Migrating your data workloads to AWS without redesign headaches — urban developer lore or critical capability for modern enterprises? In this blog we will investigate by building a data pipeline to Google Cloud Platform and then migrating the workload to AWS.
Moving clouds may sound like moving mountains. But your ability to move data quickly and reliably between clouds ensures you have the flexibility you need to provide business continuity. So can it be done? And at what cost? If you are using smart data pipelines, this daunting task can be easy and practical — no re-writes required.
StreamSets Data Collector, a fast ingestion engine, enables migrating existing workloads of a data pipeline from one platform to another with just a few clicks.

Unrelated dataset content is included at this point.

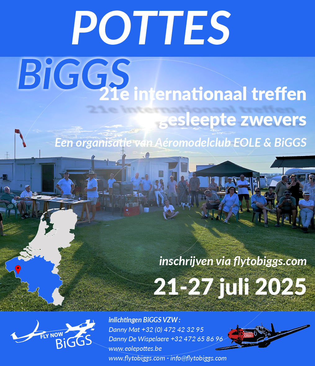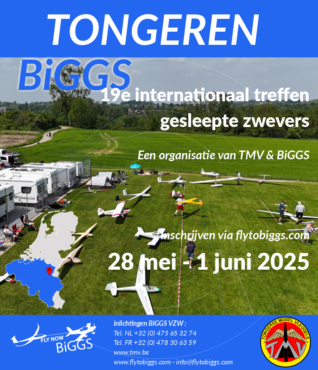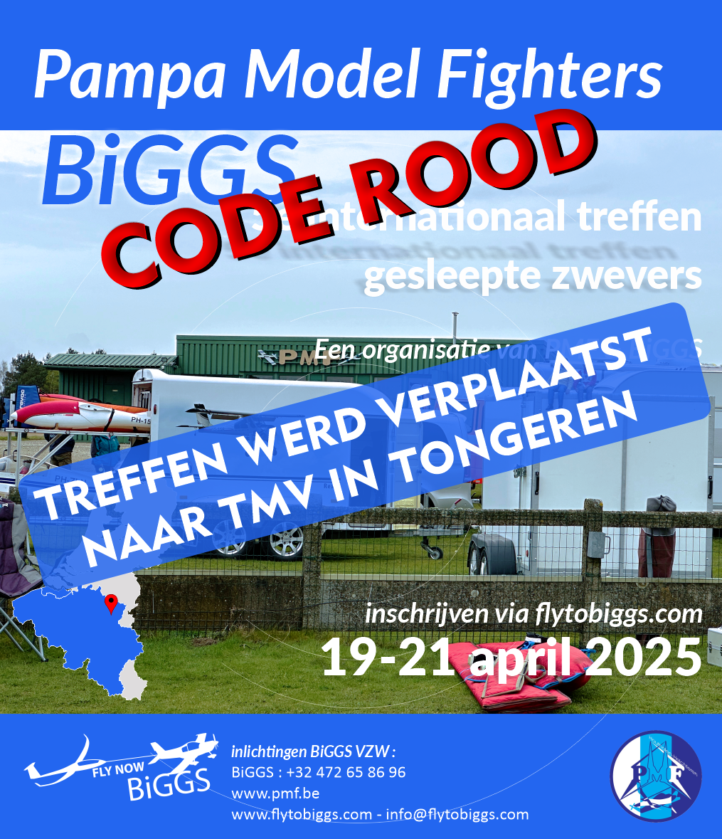 BiGGS dankt de besturen van Pampa ModelFighters en van de Tongerse Modelvleugels dat ze zo snel en flexibel hebben ingespeeld op de weersomstandigheden. Door de code rood werd ons feest verhuisd naar Tongeren en werden we daar drie dagen heel hartelijk ontvangen.

To demonstrate, in this two-part example, we’ll ingest, transform, and store sample bank customers’ data which includes their name, address, contact, and account number using two data pipelines
Pipeline #1: Google Cloud Storage Data Pipeline
In this data pipeline, here are the steps we will follow:
- Read the bank data (in the Excel format) from the Directory origin
- Change the data type of the Account number to STRING from Decimal by using the Field Type Converter
- Transform (mask) the Account No. due to security concerns
- Write to the Google Cloud Storage destination
I created a new pipeline and added Directory origin. The key piece of configuration here is the Bank details file location, which we want to process, and the Data Format. In my case, the file location was /root/bank_details.xlsx and Data Format is Excel, but you’ll need to change this to match your location and Data Format.
I used the default values for the remainder of the Directory origin – refer to the documentation for more information.
With the origin configured, I was able to preview data. I checked ‘Show Record/Field Header’ in Preview Configuration so I can examine the data as well as the record attributes as shown below.
While loading data from origin to destination we often want to change some important information due to security concerns. Looking at the bank details, it has a column for Account No. with Data Type of Decimal. I don’t want this as DECIMAL; I want this as STRING and I want to mask the Account number with xxxx56 (I want to share only the last 2 digits).
I changed the Data Format using the Field Type converter. The key piece of configuration here is the Required Fields, which we want to change, so I gave the Account No.
And then updated the conversion tab followed by the conversion method, source type, and convert to type.
Then I used a Field Masker processor to mask the account number by setting the Required Field on the General tab and setting Field to Mask, Mask Type, and Custom Mask as shown below.
I then added Google Cloud Storage as a destination where I want to write the transformed data. The key piece of configuration here is the GCS bucket, data format, and Credentials. I updated the GCS tab with the name of the Bucket and the Common Prefix. On the Data Format tab, I selected Delimited with the header line.
On the Credentials tab I entered the Project ID and provided my credentials.
I used the default values for the rest of the GCS destination configuration – see the documentation for more information.
Once my pipeline was configured, I was able to run it and see the data flow through the pipeline.
I confirmed that all the data had been ingested by examining the Google Cloud Storage bucket and downloading the file to verify the contents.
$ cat output_sdc_700157b3-cbe3-4844-8a2b-77d0e3f86ae5
Pipeline #2: Migrate Existing Workload to AWS S3
Now what if we wanted to migrate the workload to AWS instead of GCS? Do you think we’d have to rewrite everything and start from scratch? Well, thankfully the answer is no! All we would have to do is delete the GCS destination and add Amazon S3 destination — all with a few clicks in the UI.
Then the only thing remaining would be to configure the Amazon S3 destination as shown below.
Once my pipeline was configured with the new AWS destination, I was able to run it and see the data flowing through into Amazon S3.
I confirmed that all the data had been ingested into AWS by downloading the output file from the Amazon S3 file and examining its contents.
$ cat sdc-1606846664459-1
Busted: Migrating Workloads to AWS Does NOT Require Data Pipeline Re-writes
So that busts the myth that migrating workloads to AWS requires a data pipeline re-write. We built a smart data pipeline to ingest, transform, and store sample bank customers’ data on GCP and then validated that migrating workloads to AWS can be done without a pipeline redesign when you use smart data pipelines. You can transform data and then move those results between cloud platforms as your workload dictates. This means that data engineers can focus on building the pipeline that best fits the data without worrying about the implementation details.